Note that a value of 0 could be interpreted to mean that no Bloom filter is present in the hash section. However, the GNU linkers do not do this — the GNU hash section always includes at least 1 mask word.
Bloom filter中掩码个数, 每个掩码可以为32位大小, 或者64位大小
shift2
A shift count used by the Bloom filter.
另一个hash函数
Bloom Filter(32位大小)
GNU_HASH sections contain a Bloom filter. This filter is used to rapidly reject attempts to look up symbols that do not exist in the object. The Bloom filter words are 32-bit for ELFCLASS32 objects, and 64-bit for ELFCLASS64.
Bloom filter中的掩码
Hash Buckets(32位大小)
An array of nbuckets 32-bit hash buckets
hash 桶
Hash Values(32位大小)
An array of (dynsymcount - symndx) 32-bit hash chain values, one per symbol from the second part of the dynamic symbol table.
hash 值, 需要计算, 下文会有具体计算方法
查看 .gnu.hash 结构, 使用 hexdump 或者 gdb 都可以查看.

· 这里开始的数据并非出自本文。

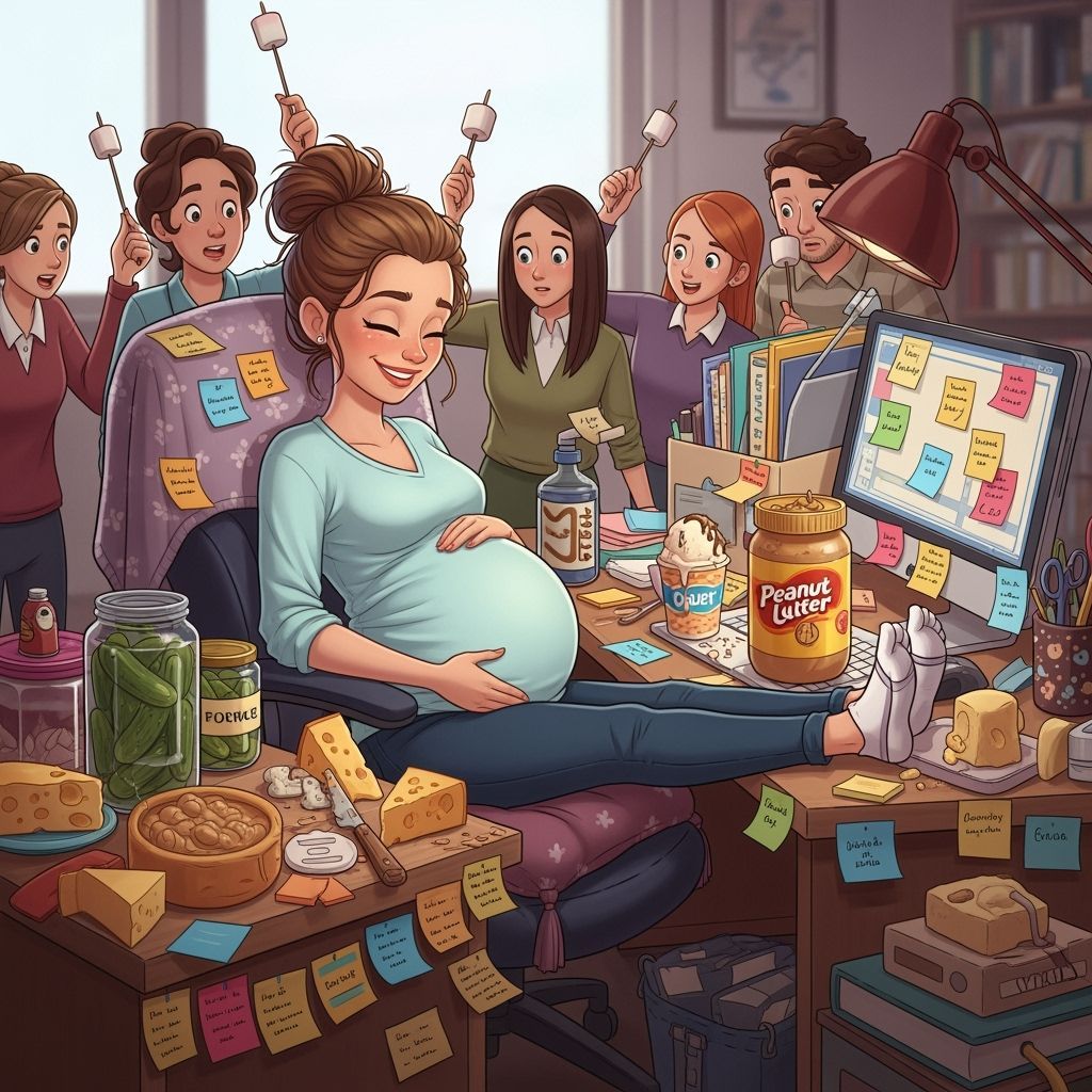 A pregnant woman smiles at her cluttered desk overflowing with food. Colleagues watch with amusement in this humorous digital painting with a realistic cartoon style.

➜ elf hexdump -s 0x0001ac -n 32 -e '4/4 "%04X " " | "' -e '16/1 "%_p" "\n"' test
0002 0004 0001 0005 | ................
20002000 0000 0004 C0E34BAD | . . .........K..
gdb-peda$ x/8w 0x080481ac
0x80481ac: 0x2 0x5 0x1 0x5
0x80481bc: 0x20002000 0x0 0x5 0xc0e34bad
查看动态符号表
➜ elf readelf --dyn-syms test
Symbol table '.dynsym' contains 6 entries:
Num: Value Size Type Bind Vis Ndx Name
0: 00000000 0 NOTYPE LOCAL DEFAULT UND
1: 00000000 0 FUNC GLOBAL DEFAULT UND malloc@GLIBC_2.0 (2)
2: 00000000 0 FUNC GLOBAL DEFAULT UND puts@GLIBC_2.0 (2)

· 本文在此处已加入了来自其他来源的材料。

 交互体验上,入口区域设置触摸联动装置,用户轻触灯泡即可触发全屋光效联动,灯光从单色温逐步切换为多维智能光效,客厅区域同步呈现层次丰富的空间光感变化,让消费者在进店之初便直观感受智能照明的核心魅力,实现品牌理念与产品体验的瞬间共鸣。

3: 00000000 0 NOTYPE WEAK DEFAULT UND __gmon_start__
4: 00000000 0 FUNC GLOBAL DEFAULT UND __libc_start_main@GLIBC_2.0 (2)
5: 0804851c 4 OBJECT GLOBAL DEFAULT 15 _IO_stdin_used
对应说明, nbuckets == 2 表明有两个 dynsym 需要hash, symndx == 5 表明第1个需要hash的dymsym 的 num == 4, maskwords == 1 表明有 1 个 Bloom filter 掩码, shift2 == 5 表明另一个 hash 函数为 >>5 (查看 Bloom filter 算法结构定义, 这里使用了k = 2 个 hash 函数, 同时设置 hash 值对应位置为 1, 防止误判)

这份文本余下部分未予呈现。